Informationsaustausch — Internationaler Steuerinformationsaustausch
Internationaler Austausch steuerlicher Informationen zwischen Behörden: automatisch, auf Anfrage oder spontan — Grundlage moderner Steuertransparenz.
Zusammenfassung
Der internationale Informationsaustausch in Steuersachen bezeichnet die strukturierte Weitergabe steuerlich relevanter Daten zwischen nationalen Steuerbehörden verschiedener Länder. Er bildet das operative Kernstück der globalen Steuertransparenz und ermöglicht es Finanzbehörden, Steuerpflichten im Ausland zu erkennen, zu prüfen und durchzusetzen. Der Austausch erfolgt auf Basis bilateraler oder multilateraler Abkommen und umfasst drei Modi: den automatischen Austausch, den Austausch auf Ersuchen sowie den spontanen Austausch.

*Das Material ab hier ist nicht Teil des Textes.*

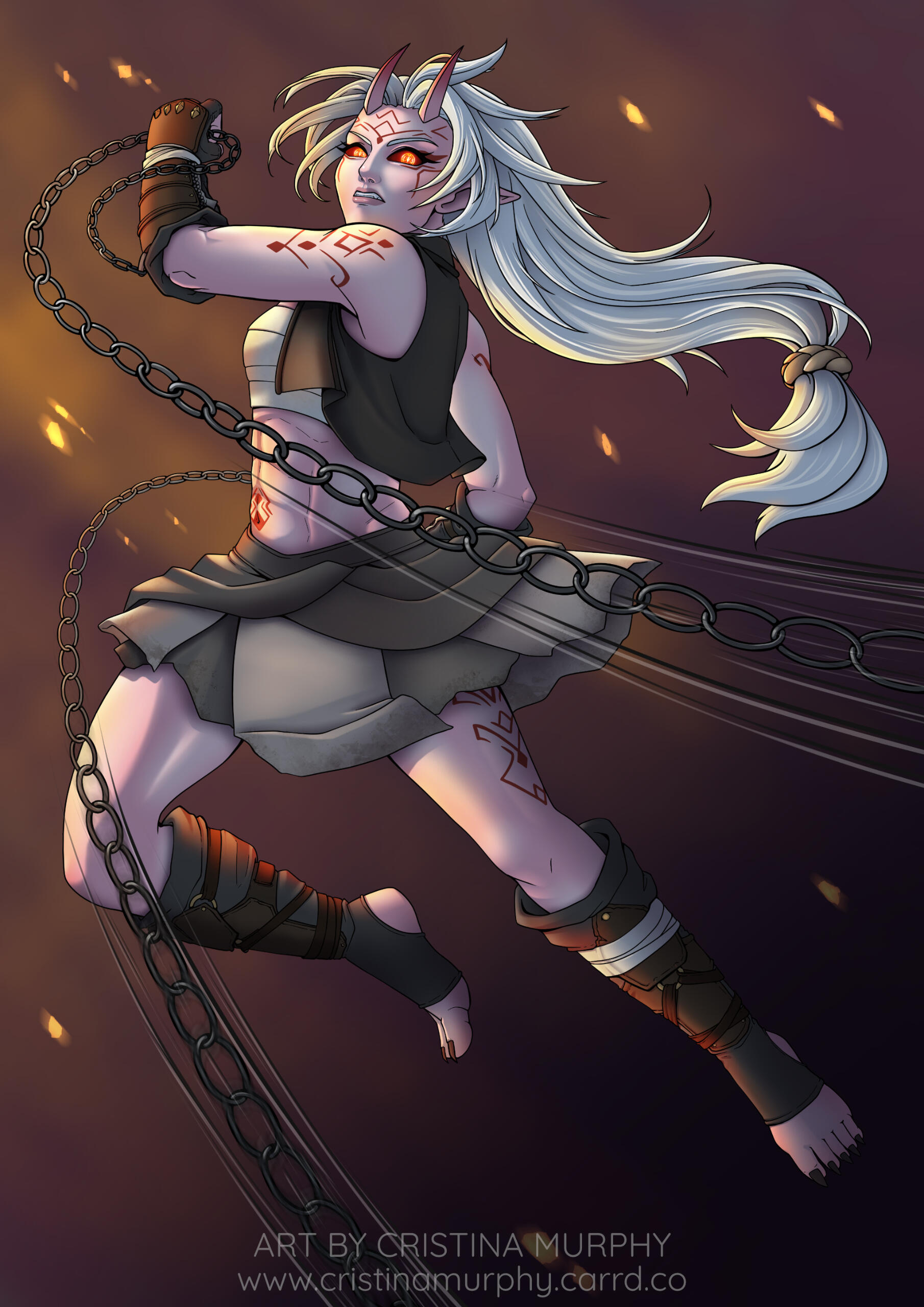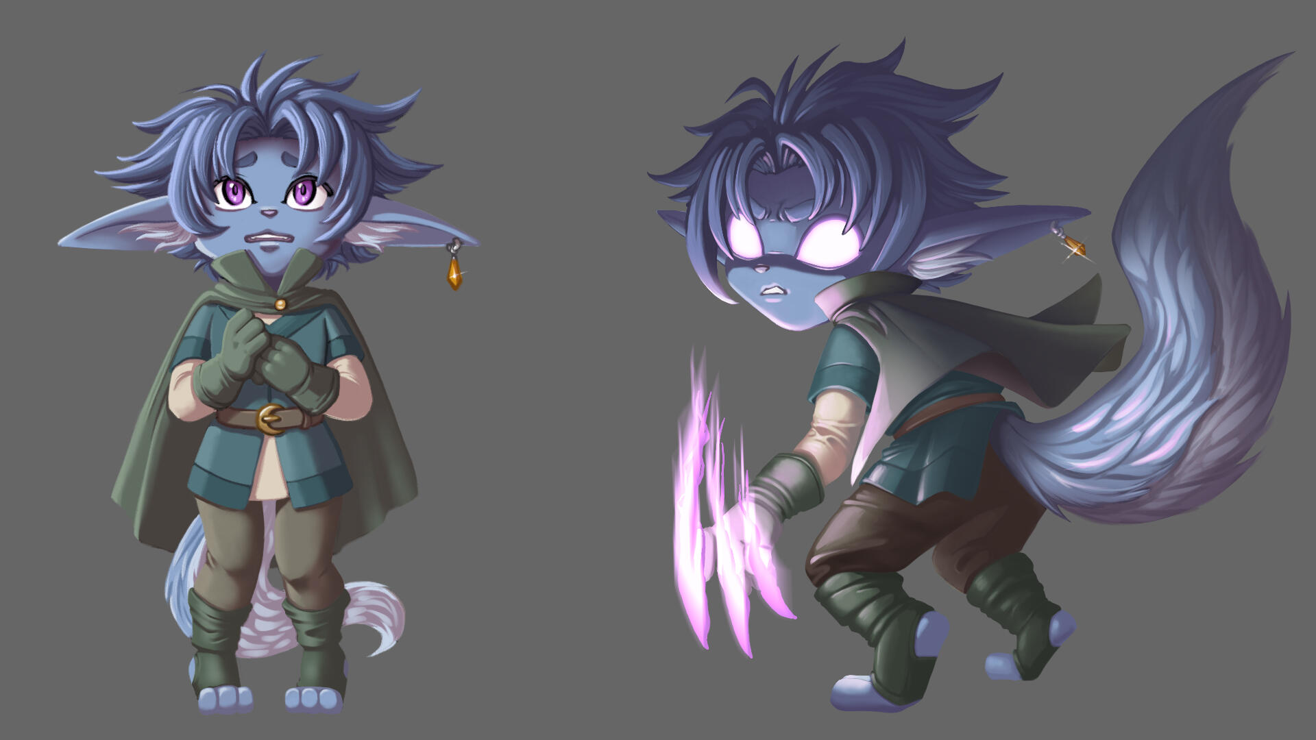 This was an interesting character design since we're starting at Tier 1, at the beginning of their journey as an adventurer. The outfit reflected their more humble beginnings and the pose was meant to show off their martial prowess, making them look powerful.

Das wichtigste multilaterale Instrument ist das von der OECD entwickelte Übereinkommen über die gegenseitige Amtshilfe in Steuersachen (MAC) sowie der darauf aufbauende Common Reporting Standard (CRS). Ergänzt werden diese durch die US-amerikanischen FATCA-Abkommen (IGAs), bilaterale Doppelbesteuerungsabkommen mit Informationsaustauschklauseln sowie spezifische Tax Information Exchange Agreements (TIEAs). Innerhalb der EU regelt die Amtshilferichtlinie (DAC) in ihren verschiedenen Versionen den Informationsaustausch unter den Mitgliedstaaten.
Der automatische Informationsaustausch (AEOI) hat sich zum dominanten Modell entwickelt: Finanzinstitute melden Kontoinformationen an ihre nationale Steuerbehörde, die diese systematisch an die Steuerbehörden der Ansässigkeitsstaaten der Kontoinhaber übermittelt. Über 120 Jurisdiktionen nehmen mittlerweile am CRS-Austausch teil, was eine nahezu lückenlose globale Abdeckung erzeugt.
Geschichte
Der Informationsaustausch in Steuersachen hat eine lange Geschichte, die mit dem ersten Musterabkommen der OECD zur Vermeidung der Doppelbesteuerung (1963) beginnt. Damals beschränkte sich der Austausch auf anlassbezogene Ersuchen. Eine erste multilaterale Grundlage schuf das Strassburger Übereinkommen über die gegenseitige Amtshilfe von 1988, das später durch das OECD/Europarats-Protokoll von 2010 umfassend modernisiert wurde.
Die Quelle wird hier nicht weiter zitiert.